Considering all the relevant issues, the petition presented that the felling down of at least 50 trees at the historic Suhrawardy Udyan was in breach of 2009 directives. This incident also created a massive outrage which initially induced the HCD to pass an order asking the state to take necessary steps so that no more trees at Suhrawardy Udyan were felled till 20 May. Meanwhile, the War Affairs Minister AKM Mozammel Haque emphasised on changing the design in case of any necessity. He also ensured that the next decision would be made after talking to environmentalists. Consequently, the HCD, expressing hope that the problems would be resolved amicably, through discussions between the government and environmentalists, adjourned the hearing for two weeks. It asserted that it would pass necessary orders later on, after the government’s steps regarding the matter. As per article 112 of the constitution, the government shall be under an obligation to act in aid of the SC.

The historical importance of Suhrawardy Udyan is unquestionable. So, Upholding its historical dignity and magnificence through the interference of the HCD in 2009 was praiseworthy. However, this time the protection of Suhrawardy Udyan was questioned for its environmental issues. The implementation of the said mega project at this historic site encountered much backlash from different organisations and environmental activists in the wake of ensuring the rights of nature. So, the protest throughout the capital and the prompt response of the HCD resulting in the assurance of the minister concerned are the harbingers of the growing concern about the environment. The HCD did a notable job by immediately prohibiting tree felling and involving the environmentalists therein.  

The AD stayed the bail to convicts for an attack on Awami League chief Sheikh Hasina’s Motorcade

On 30 August 2002 the then opposition party leader Sheikh Hasina, now the prime minister, was under an attack when she was visiting Jashore. Some Bangladesh National Party (BNP) men allegedly kept a bus haphazardly on a road near the BNP office. As soon as Hasina’s motorcade reached the area, BNP men launched an attack on it. On 2 September of that year a case was filed by Kolaroa unit freedom fighters’ commander Moslemuddin against 27 named and 70 to 75 unnamed accused which included several BNP leaders and activists. After more than a decade of the incident, the case was recorded following a directive of HCD.

Satkhira Chief Judicial Magistrate Md Humayun Kabir delivered the verdict implicating fifty people, including a former BNP lawmaker. They were sentenced to imprisonment for different terms in accordance with their involvement with the attack. However, the HCD granted bail to seven convicts in pursuance of separate petitions filed by the seven convicts on 25 May of this year. The HCD bench of Justice Mustafa Zaman Islam and Justice Md Iqbal Kabir Lytton granted the bail stating there is no specific allegation against them. In consequence of the order of bail, three petitions were filed by the state seeking stay on the bail orders. During the virtual hearing a full bench of the AD headed by Chief Justice Syed Mahmud Hossain passed the order and stayed the order of bail. It also asked the state to file a leave to appeal petition with this court against the HC orders by 20 June. 

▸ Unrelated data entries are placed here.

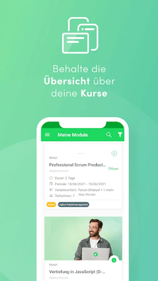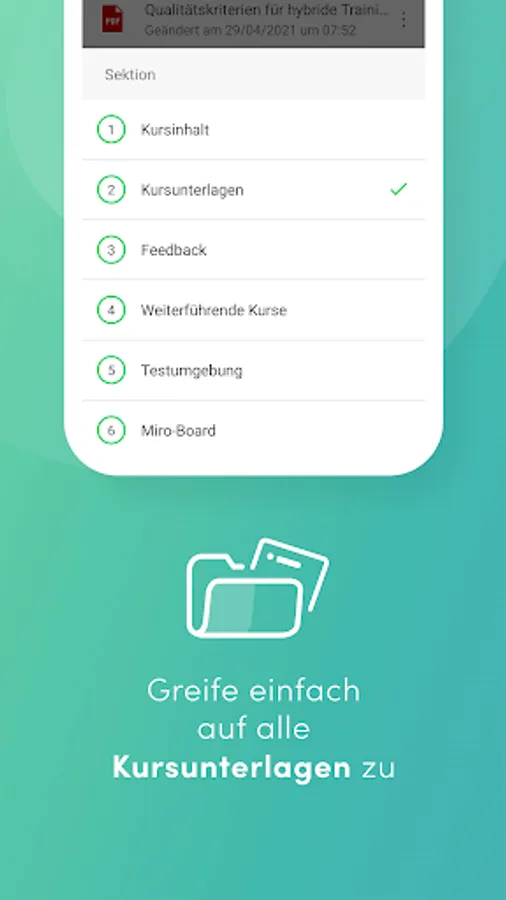 * Greife jederzeit und von jedem Gerät aus auf deine Kursinformationen und Kursunterlagen zu.
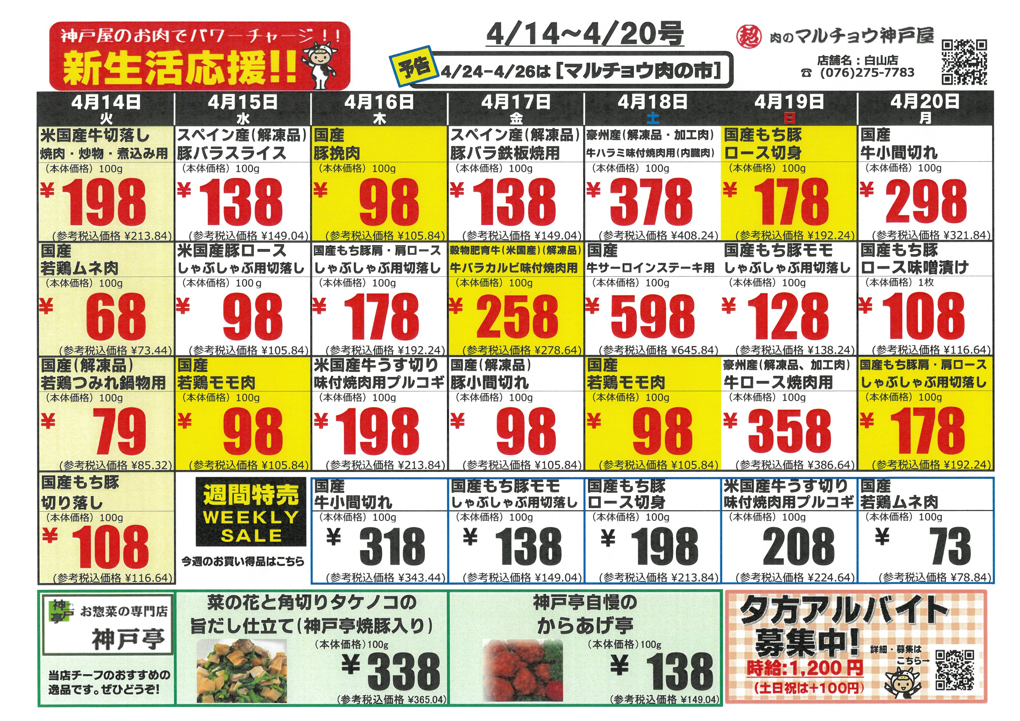 | ラスパ白山店 | 2026年4月14日(火) ~ 4月20日(月) |
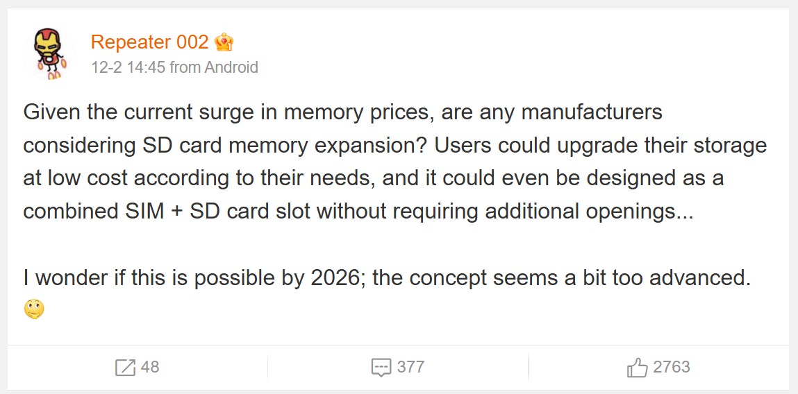 อย่างไรก็ตาม สถานการณ์กำลังเปลี่ยนไปเนื่องจากราคาของ DRAM กำลังพุ่งขึ้นอย่างต่อเนื่องจนกลายเป็นปัญหาของผู้บริโภค และปัญหาของผู้ผลิตสมาร์ตโฟนเช่นเดียวกัน โดย ผู้ใช้งาน Weibo ชื่อ Repeater 002 ระบุว่าซัปพลายเออร์ภายในประเทศจีนมีแผนที่จะนำ microSD กลับมาใช้ในสมาร์ตโฟน สาเหตุเกิดปัญหาขาดแคลน DRAM ที่มีแนวโน้มว่าจะยืดเยื้อไปจนถึงไตรมาสที่ 4 ปี 2027 และส่งผลกระทบต่ออุตสาหกรรมสมาร์ตโฟนแบบหลีกเลี่ยงไม่ได้
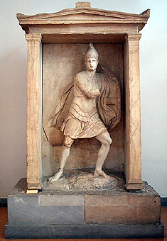 The Naiskos of Aristonautes Find-spot: near the Dipylon Gate (1861). Date: c. 320 BC (Kaltsas) Pentelic marble H. 2.48 m, w. 1.55 m Present location: Athens, NM 738. Inscription: Aristonautes son of Archenautes of the deme of Halai. Publication Kaltsas no. 410 Knigge 43, fig. 40 |
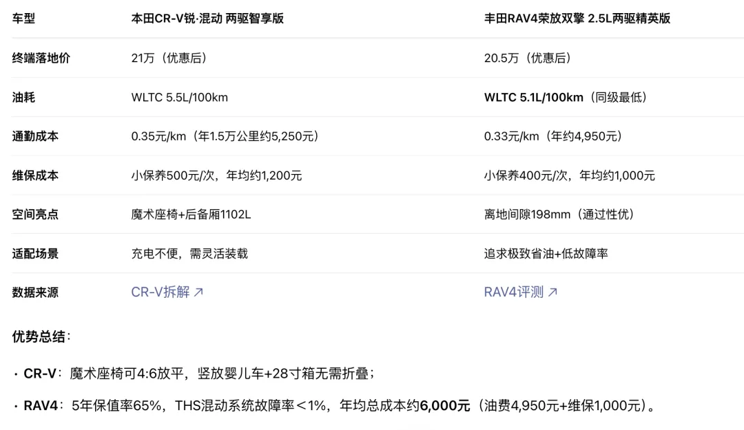 推荐车型:RAV4双擎(20.5万落地,年均成本6,000元);
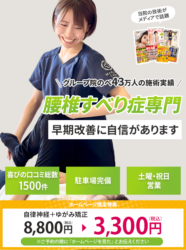 当院には、腰椎すべり症でお悩みの方が多く来院さて、早期改善している事例が数多くあります。
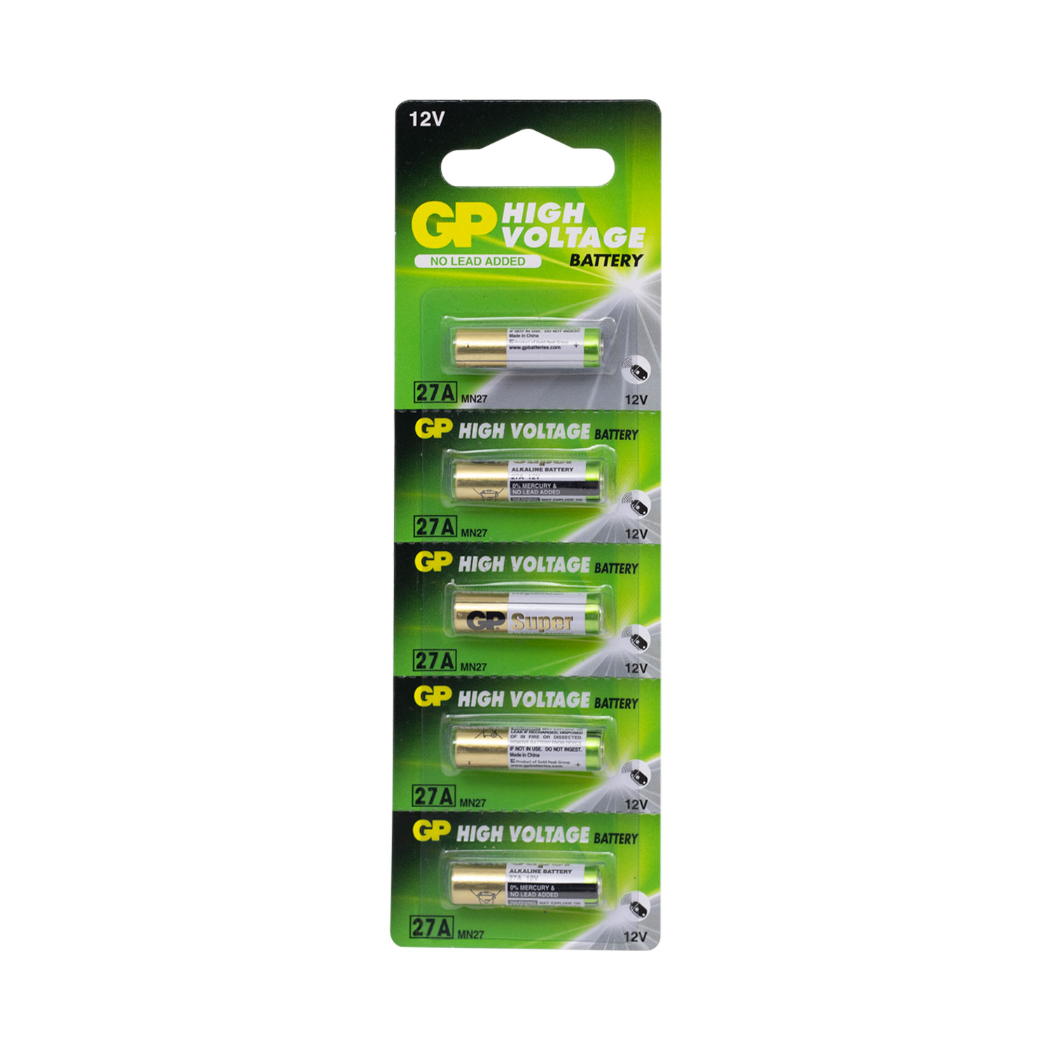 Batería Alcalina 27A de 12V, ideal para alarmas, relojes, controles y sensores, de alta durabilidad, blíster set de 5 UND.
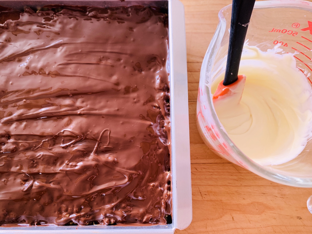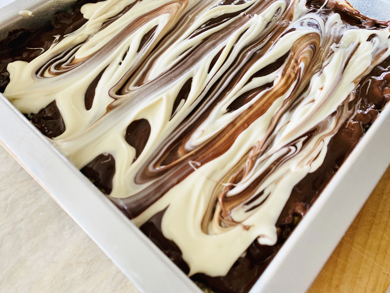 - Remove treats from freezer and spoon white chocolate in thick lines on top of semi-sweet chocolate. Using a fork, run tines across grain, swirling two chocolates together. Place in refrigerator to set up completely before slicing. Enjoy!
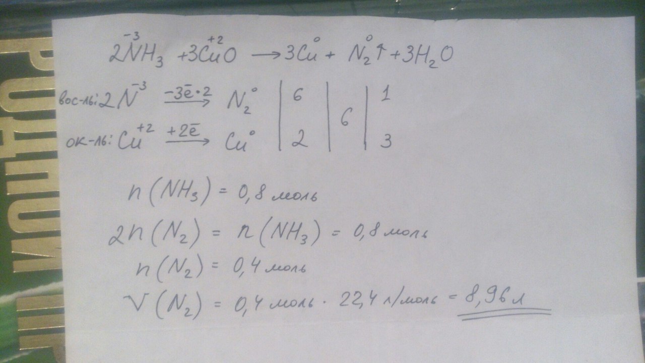 Составьте уравнение химической реакции с помощью метода электронного баланса: NН3 + СuО = Сu + N2 ↑ + Н2О
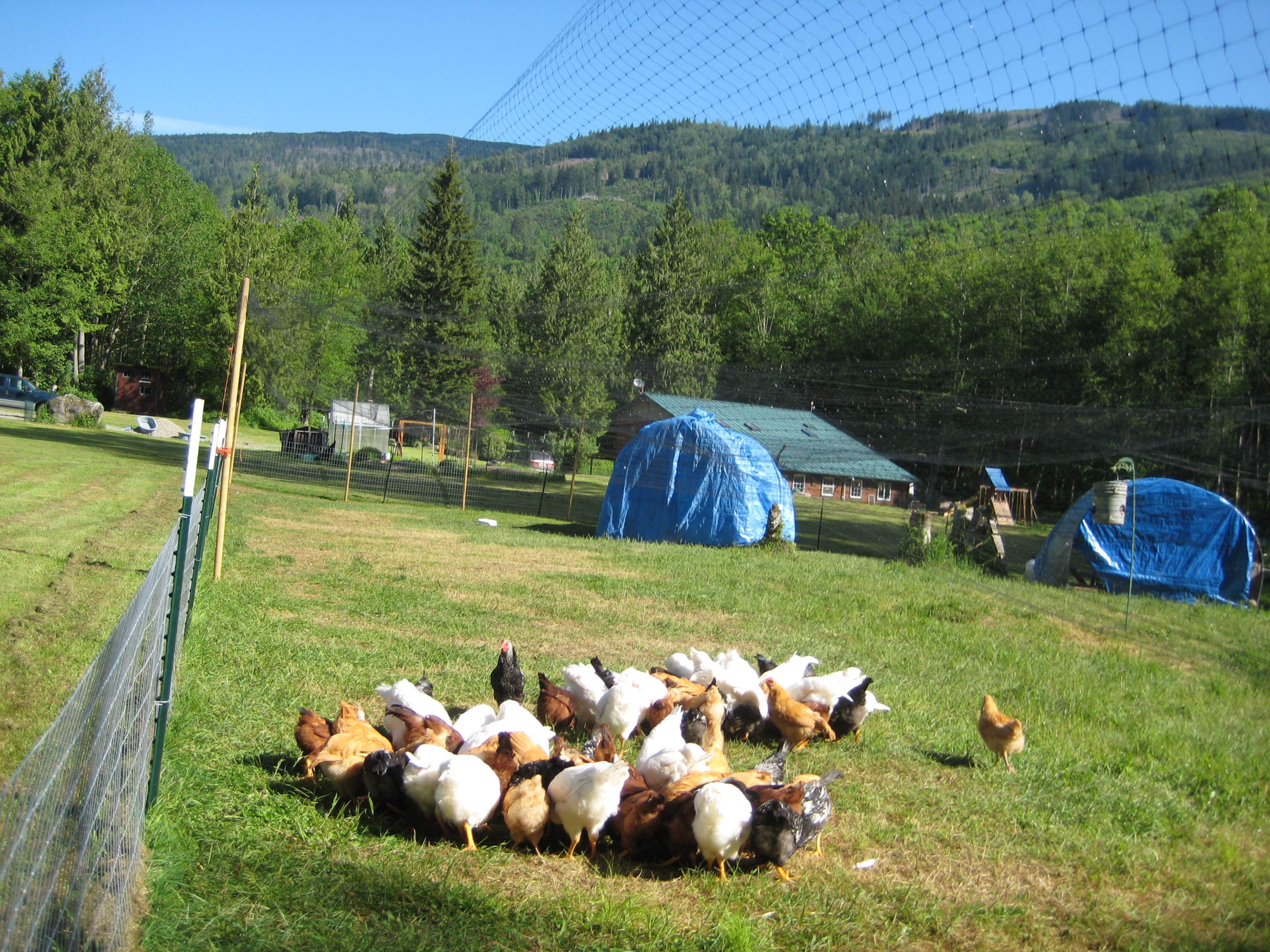 I have 20 with about fifteen in woods. The egg chickens are in a 50x50 pen, the ducks roam free as we seem to loose them when we penned them, the broilers are pastured in a 100x100 pen and the main goat pen is 120x120, the egg chickens get free range after they are done laying and I have a Gallagher, easy fence I set up for the goats, but a lot of the time I just let them wonder, but need to keep on eye on them, I'll find them on my work bench, on,top of the cars, are nibbling the rubber protectors to my hydraulics on the tractor. The broiler fence is only up for about 8-12 weeks then when we process the broilers I take the fence down. Planning on extending the goat pen this spring.
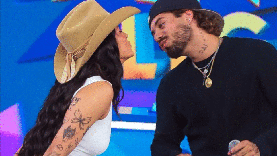 Durante a gravação do programa Domingo Legal, do SBT, o público foi pego de surpresa com uma cena inusitada entre Ana Castela e Zé Felipe. Os cantores deram o primeiro beijo no palco, um momento que rapidamente se espalhou pelas redes sociais.
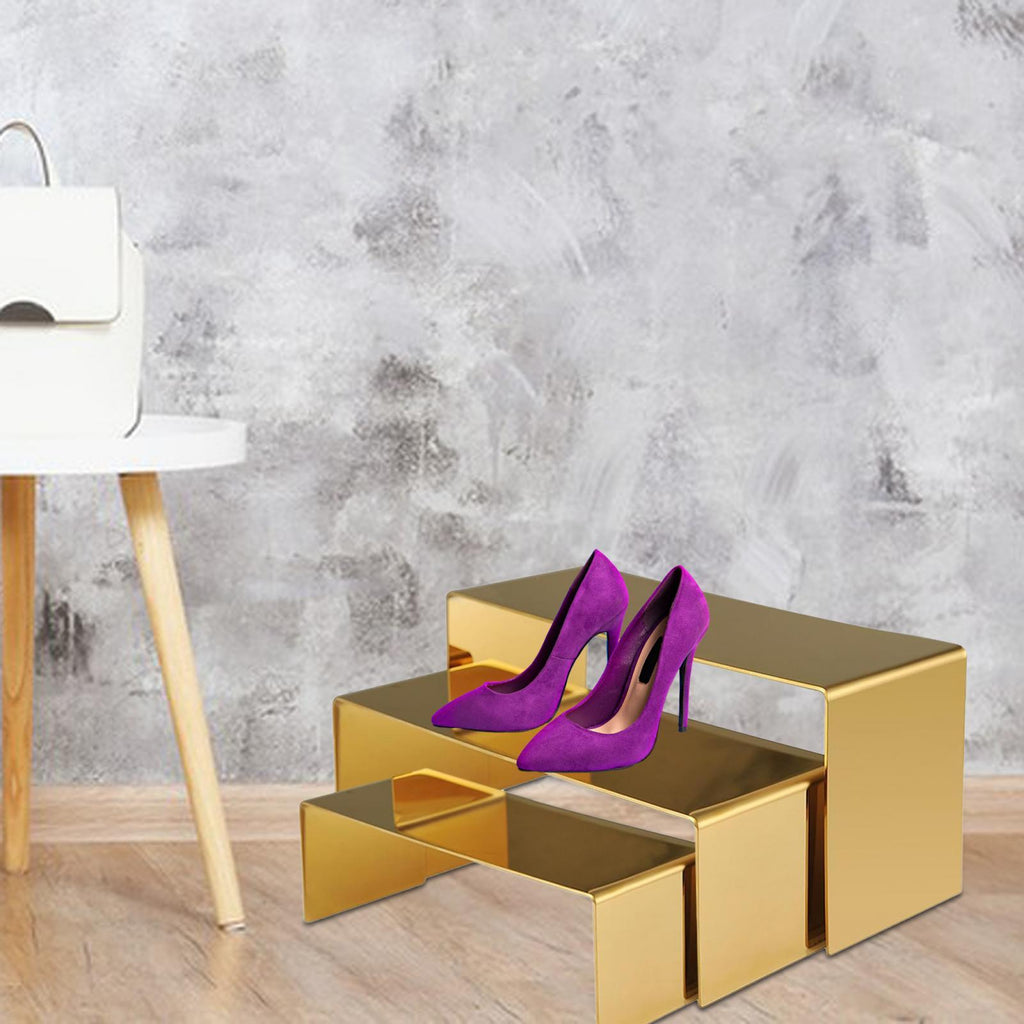 【Stainless Steel Material】Shoe Handbag Display Riser Stand is made of stainless steel, durable, sturdy, rust proof, smooth and stable
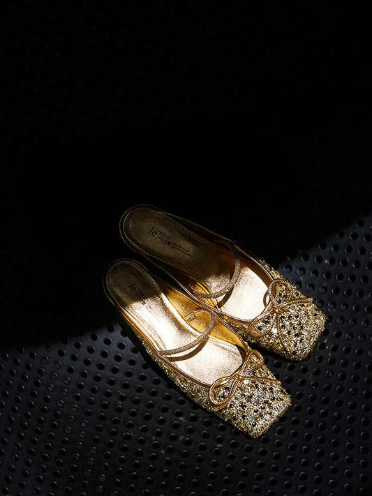 Starry Rhinestone Mesh Slip-On Beach Shoes
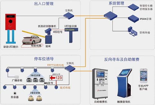 管理服务器进行全系统的抓拍识别摄像机、车位识别摄像机及IP SAN 存储设备的管理;统计管理全停车楼的车位信息,输出空车位提示信息及诱导信息,地图管理及反向寻车信息管理;为收费系统及道闸系统提供相关数据;当停车位发生安防事件异常告警时,系统客户端触发图像弹屏,告知管理员。IP SAN存储保存抓拍识别摄像机、车位识别摄像机抓拍的车牌、车辆信息及识别结果,同时保存视频图像。

It should be always remembered that bail should never be withheld as a means of punishment. If the defence satisfies the court that there is no reasonable ground for believing that the accused committed a non-bailable offence, the court has no option other than granting bail. This is so because refusal of bail may result in the violation of the fundamental right to movement of a citizen that has been enshrined in article 36 of the constitution.

Thus the subsequent stay order of the AD contradicting the order of bail granted by the HCD for the absence of a specific overt act involving the accused can give rise to skepticism among the common man regarding the political bias of the court.